▶ WORK INSTRUCTIONS: A faithful copy of the data, pictures omitted, is the required answer.

▶ RECORDED INFORMATION:
####################

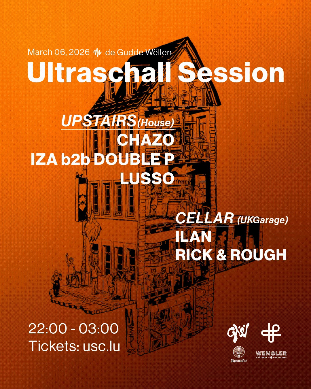 • 2026-03-06 22:00:00 2026-03-06 23:00:00 Europe/Paris Ultrasound Session We are starting 2026 with a Full House Takeover at De Gudde Wëllen On March 6th, we’re taking over one of our favorite intimate venues for a night built around multiple electronic music genres, energy and pure dancefloor moments. Expect a strong line-up spread across 2 floors, moving from deep and groovy house upstairs to fast-paced rhythms in the cellar. Upstairs: 22:00 – 00:15 Lusso 00:15 – 01:45 Chazo 01:45 – 03:00 IZA b2b Double P Cellar: 23:00 – 01:30 Ilan 01:30 – 03:00 Rick & Rough Tickets are very limited and we can’t guarantee box office, so don’t wait too long. 17 Rue du Saint Esprit, Ville-Haute Luxembourg Ultraschall Collective
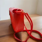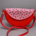 This handmade saddle bag purse is a must-have for any fashion-forward woman. The cherry gingham checked pattern and red leather exterior color make it perfect for a party, cocktail event, or casual outing. The bag features a magnetic closure and adjustable crossbody strap for comfort. The interior is fully lined and includes inner pockets for storage. The leather and playful cherry gingham checked cotton fabric give this purse a unique and stylish look. With its semi-circle shape and cross-body strap, this bag is perfect for any occasion. Add this beautiful, handmade bag to your collection today!
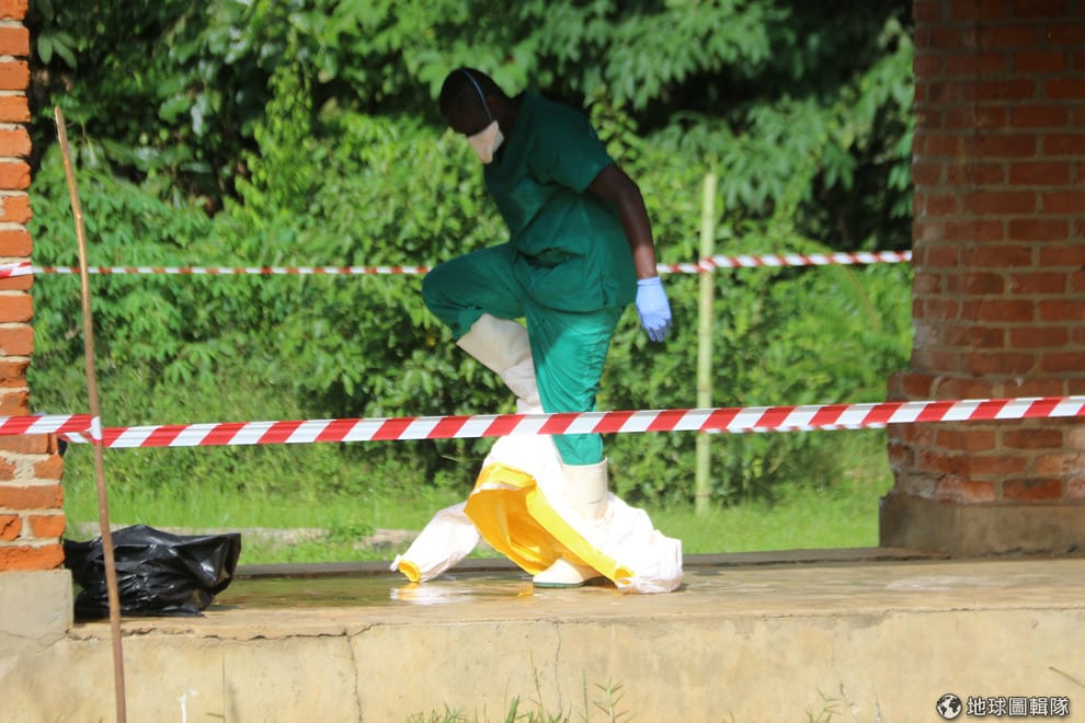 在比科羅(Bikoro)醫院隔離病房外,一名醫護人員正將身上的防護衣脫下,他剛剛進入隔離病房中接觸疑似伊波拉病毒感染的案例。原本在非洲銷聲匿跡的伊波拉病毒,疑似又捲土重來攻擊非洲,引起國際關注。
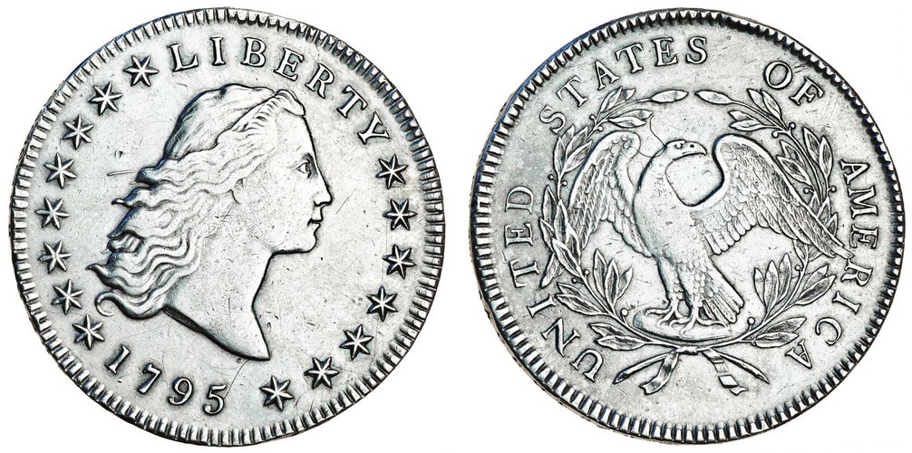 United States of America, Dollar, 1795, head of Liberty with flowing hair, rev. eagle in wreath (Bolender 5; H-5), edge bruising, cleaned, very fine

####################

▶ RESULT:
 • 2026-03-06 22:00:00 2026-03-06 23:00:00 Europe/Paris Ultrasound Session We are starting 2026 with a Full House Takeover at De Gudde Wëllen On March 6th, we’re taking over one of our favorite intimate venues for a night built around multiple electronic music genres, energy and pure dancefloor moments. Expect a strong line-up spread across 2 floors, moving from deep and groovy house upstairs to fast-paced rhythms in the cellar. Upstairs: 22:00 – 00:15 Lusso 00:15 – 01:45 Chazo 01:45 – 03:00 IZA b2b Double P Cellar: 23:00 – 01:30 Ilan 01:30 – 03:00 Rick & Rough Tickets are very limited and we can’t guarantee box office, so don’t wait too long. 17 Rue du Saint Esprit, Ville-Haute Luxembourg Ultraschall Collective
 This handmade saddle bag purse is a must-have for any fashion-forward woman. The cherry gingham checked pattern and red leather exterior color make it perfect for a party, cocktail event, or casual outing. The bag features a magnetic closure and adjustable crossbody strap for comfort. The interior is fully lined and includes inner pockets for storage. The leather and playful cherry gingham checked cotton fabric give this purse a unique and stylish look. With its semi-circle shape and cross-body strap, this bag is perfect for any occasion. Add this beautiful, handmade bag to your collection today!
 在比科羅(Bikoro)醫院隔離病房外,一名醫護人員正將身上的防護衣脫下,他剛剛進入隔離病房中接觸疑似伊波拉病毒感染的案例。原本在非洲銷聲匿跡的伊波拉病毒,疑似又捲土重來攻擊非洲,引起國際關注。
 United States of America, Dollar, 1795, head of Liberty with flowing hair, rev. eagle in wreath (Bolender 5; H-5), edge bruising, cleaned, very fine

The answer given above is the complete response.